MOF's Story - Mount Sinai Hospital, Toronto, Ontario

2019 -  I have a beautiful, healthy and thriving boy but when I reflect on my personal care experience at Mount Sinai, I can’t help but be beyond disappointed in the system and myself for trusting it.

Before this successful pregnancy I had experience two back-to-back silent miscarriages and d&cs. I was scared and went to Mount Sinai because they were a ‘leading’ obstetrics hospital and practice. I would never return.

While I had shared with my ob (Dr Selk) my desire for an unmediated birth experience (as long as possible/safe), she pushed an induction on me at 38 weeks because my baby was tracking large (otherwise all looked healthy and lots of space). I agreed as trusted her/the system. She hadn’t seen me in almost a week when I went in to be induced which should have been my first red flag - I should have been checked for progress before going in. My body reacted intensely to the foley and 4 hours after it being inserted, I felt liquid down my legs...I thought my water had broken but went to the bathroom to discover I was bleeding heavily. We ran out the door and to triage - this was not something I was warned could happen though rare and especially after experiencing loses, we were absolutely terrified. In the haze of arrival, we were told we should continue the induction at that point. I was too scared to question anything. They broke my water and started pitocin. We were told nothing would happen for hours and they told my husband he could go home to grab a few items we had left behind but with the first dosage of pitocin my body was intensely contracting and instead of treating me like an individual human they upped to dosage at 30 minutes which is standard practice but I didn’t need it. I was alone - contracting with less than 30 second breaks...with contractions would thrust my body with overwhelming pain. I asked them repeatedly to return to the initial dosage and while they agreed to stop going up, they would not get the doctor and would not go down. This went on for hours as I was still delusional hopeful so could manage without an epidural.

When I decided I needed an epidural it was over an hour for the anesthesiologist to come - at this point my body was uncontrollably convulsing in pain at each contraction. Getting the epidural took over 20 minutes as they needed to stop for each convulsion.

When I was dilated to 10 the ob told the nurse to wait at least 2 hours or till I got the urge to push. At one hour, the nurse returned and told me it was time to start, when I questioned her about the time, she said ‘we’d just do a few practice pushes’. I can only imagine she knew what she was doing as once I started, there was no stoping and my body didn’t get that extra time that would have been helpful in preparing to birth what we knew was going to be a big baby. She also refused when I asked to try not to purple push and instead to breathe through my pushes.

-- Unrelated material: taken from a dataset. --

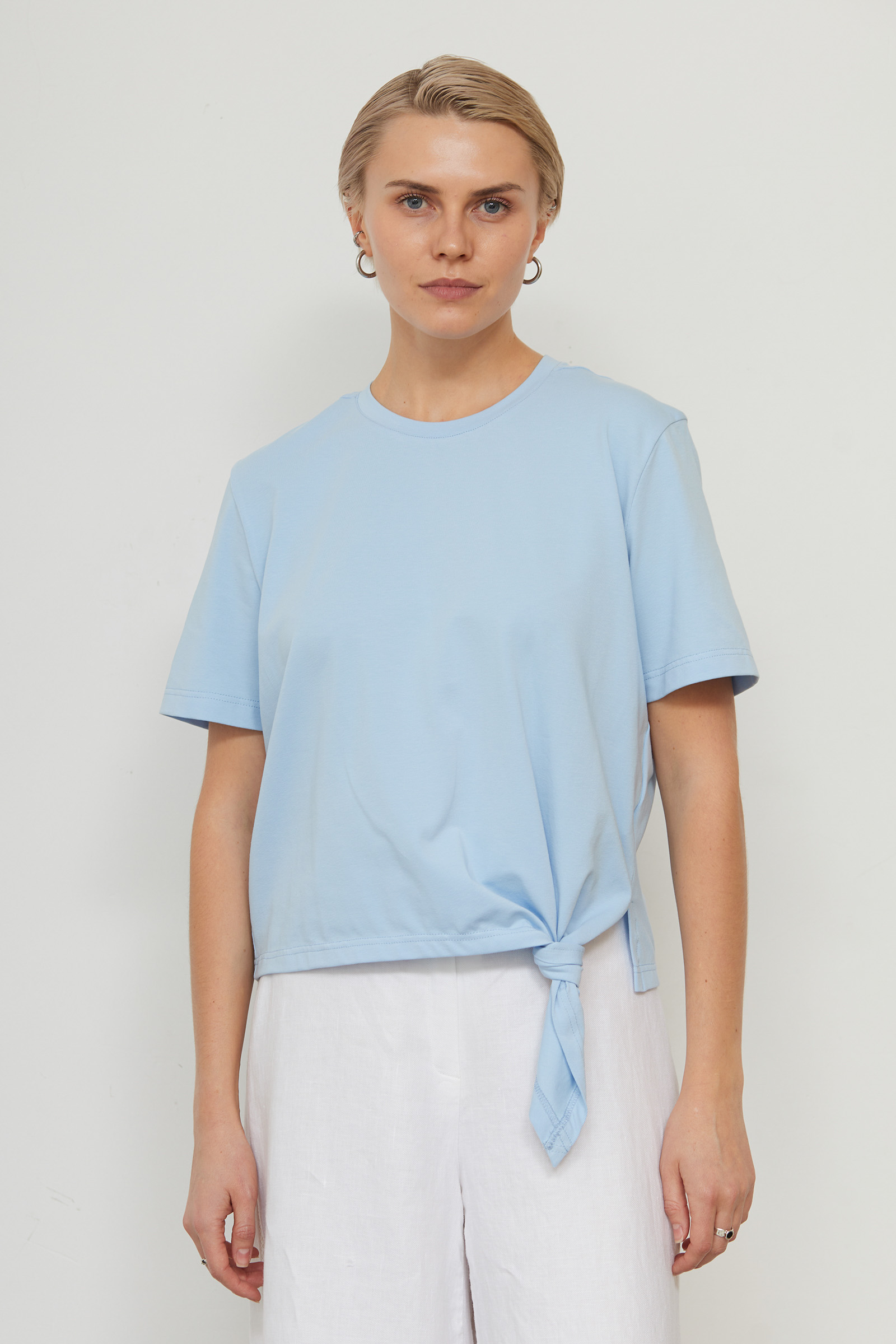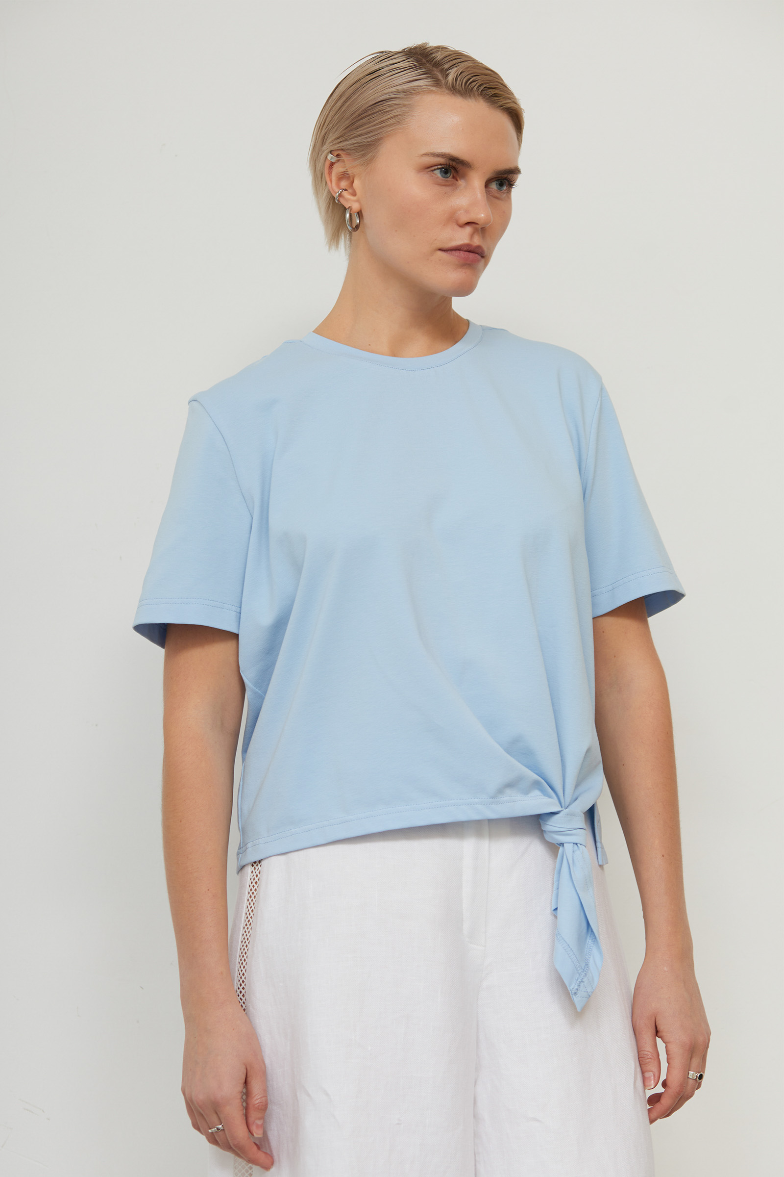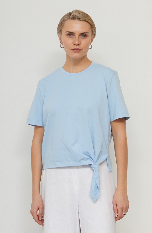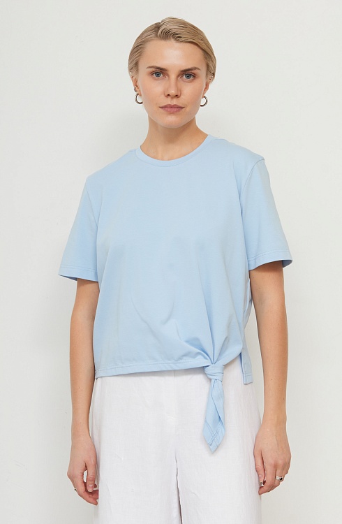 Укороченная футболка из мягкого хлопкового трикотажа с декоративным узлом по низу.

Then the baby crowned - amazing you’d think. But no. She called the resident on speaker and he told her he wasn’t available and she’s need to find someone else. She couldn’t find the ob on call. At that point she turned to me and said ‘I’ve never delivered a baby before, and I don’t want yours to be my first. I’m going to go try and find someone’. Horribly uncomforting but there we sat, just us and a crowned baby waiting for someone to return. The nurse ended up taking the ob from another delivery as I was further along. The ob was clearly flustered, sharing with me that we could hear the screams from the labor she just left so we’d have to be quick. I went from being told how well my body was stretching to grade 2 tears - which I believe are at least partly contributed to the rush the doctor was in. She stitched my major tears and told me she’d return to finish stitching me once she delivered the other baby...

After all of it, and having been at mount sinai for 24 hours, there was an error at registration through triage as when I came in they didn’t expect me to stay so I was never registered for a room. I eventually ended up in a double room and my area was about 5 by 8 curtained with no window. I was a horrible way to try and be. The overwhelming nature of navigating a whole new world and then being completely crammed into a space you couldn’t even walk around the bed in. Never what I imagined in any way.

Last, I was released with my baby not properly latching. I didn’t realize and I thought we were doing fine based on the couple observational checks - we weren’t and we ended up in and out of the hospital for a week with jaundice in part because of the delay in my milk coming in because of poor latch.

I thought delivering at Mount Sinai was the best decision for my family. There was no part of my experience that made me feel heard, seen, or cared for beyond the most very basic. Getting a healthy baby is of course the absolute most important but it felt like there was zero consideration to the care and consequence (mental and physical health) of the one giving birth...and the one that would be caring for this new baby.

It’s so sad that the most important day of my life is overshadowed by the realities of this experience.